全てを捨てる覚悟は、出来ていた。宇宙も連続で魔石を発動させ、もう限界が近いだろう。だからこそ、ディツェンバーに当てないようにという気を使わせず、単調であれど攻撃に専念させる事を選んだ。


「……みっ君……」


「ここにいるのが君だから、僕はこの手に出る。綺麗なものじゃないから……嫌だったけどね」


ふっ、と自嘲気味に笑うディツェンバーの背を軽く叩き、宇宙は頷いた。頷いて、くれた。

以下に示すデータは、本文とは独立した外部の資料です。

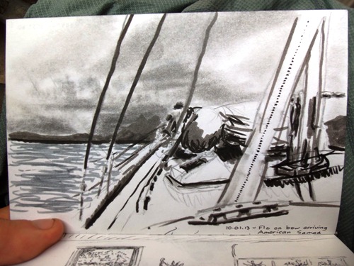 “I’ve learned all I care to learn on boats, my friend. I’m wholly fucking disillusioned with the cruising lifestyle. Big yachts piloted by a bunch of people who mingle only among themselves around the world; they take their things with them everywhere; they go to desolate islands to get away from the world and the islands are boring after a few days; they bring their pleasure boats into port and expect ‘traditional cultures’ and primitive sights to dazzle their eyes and some get all indignant when they see a people like the Polynesians in American Samoa who have lost traditional custom but who are climbing the financial ladder, the same fucking financial globalized ladder that the yachties had to climb for them to even have the yacht in the first place! Fuck!”

「どんなみっ君でも受け入れる。だから……そんか諦めるみたいな事言わないで……。まだ、諦めないでよ……」


そういう彼女の声は、少し震えている。ディツェンバーは短く「ごめんね。頼んだよ」とだけ残して、ナイフを手にアルターに向かって駆け出した。


刀を失った今、自身の左目を貫いたナイフを頼りにアルターに立ち向かう。

コンクリの地面がひび割れる程、力強く地面を蹴って──ナイフを捨て拳を握り締める。


ナイフに警戒を向けていたアルターは反応が遅れ、ディツェンバーの渾身の一撃を受けてしまった。


「ぐっ!!?」


何とか踏み止まったアルターにもう一撃、とディツェンバーは踏み込んだ。


「プライドを捨てただの魔物に成り果てるか、ディツェンバー!!」


「何とでも言え! お前を殺す為なら僕は……僕自身を殺してでもお前を殺してやる!!」


繰り出された拳を避けるアルター。ディツェンバーの攻撃によりアルターがそれまで立っていた地面は抉れてしまっていた。

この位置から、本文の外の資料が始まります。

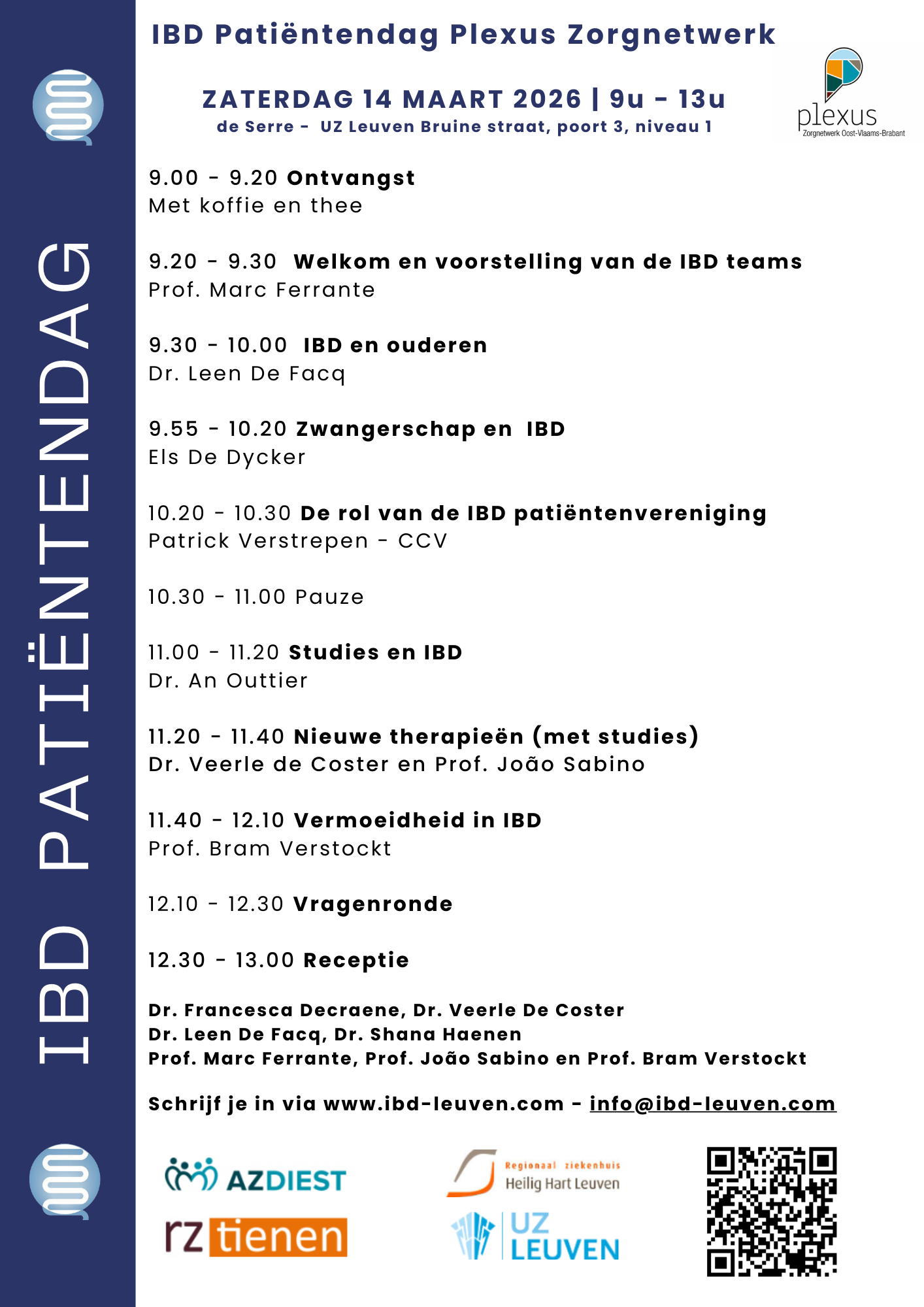 Save the date - IBD Patiëntendag 2026 10 jan Geschreven door Tim Caenepeel Het IBD team organiseert een IBD-patiëntendag op 14 maart 2026. Inschrijven Tim Caenepeel

ヴェルメ族の力を解放し、更に残っている魔力を手足に集中させ威力を上げる。少しでも当たってしまえば、致命傷は免れないだろう。


「ほざけ……貴様に負ける俺ではない!! 俺を殺す? やってみるがいい!!」


勢いよく剣を振るう。ディツェンバーはそれを躱すどころか自ら当たりに行くかのように加速した。


「ッ!?」


ザシュッ、と鋭い音を響かせて、ディツェンバーの肩口から下腹部にかけて朱線が刻まれる。そこから大量の血が吹き出すも、お構い無しにディツェンバーはアルターに掴みかかった。


ガッ、と鳩尾を蹴り上げ、頬を殴り付ける。その際骨が軋むような鈍い音がディツェンバーの耳に届いた。


「ぐ、うっ」


地面に倒れ込んだアルターの胸倉を掴み、上体を起こさせる。拳を握り締め身を引いた瞬間、アルターが魔弾を放った。


至近距離で稲妻を帯びた魔弾を浴びたディツェンバーは、一瞬、意識を失ってしまった。しかしすぐさま意識を取り戻し、痺れの残る身体を何とか操る。


身を引いたままの勢いを無駄にせず、そのまま頭突きをアルターにかましてやる。

双方頭に衝撃を受けながらも、互いを殺すという意志が勝っていた。


アルターも勢いに身を任せてディツェンバーに掴み掛かる。その瞬間を、彼女は逃さなかった。


「──ッ!!」


ディツェンバーとアルターを取り囲むように、魔石が降り注ぐ。きらり、と光を反射させながらそれは地面に落ちる前に発動する。


──ドォンッ!!


と、ディツェンバーとアルターを取り囲んでいた魔石が一つ残らず、爆ぜた。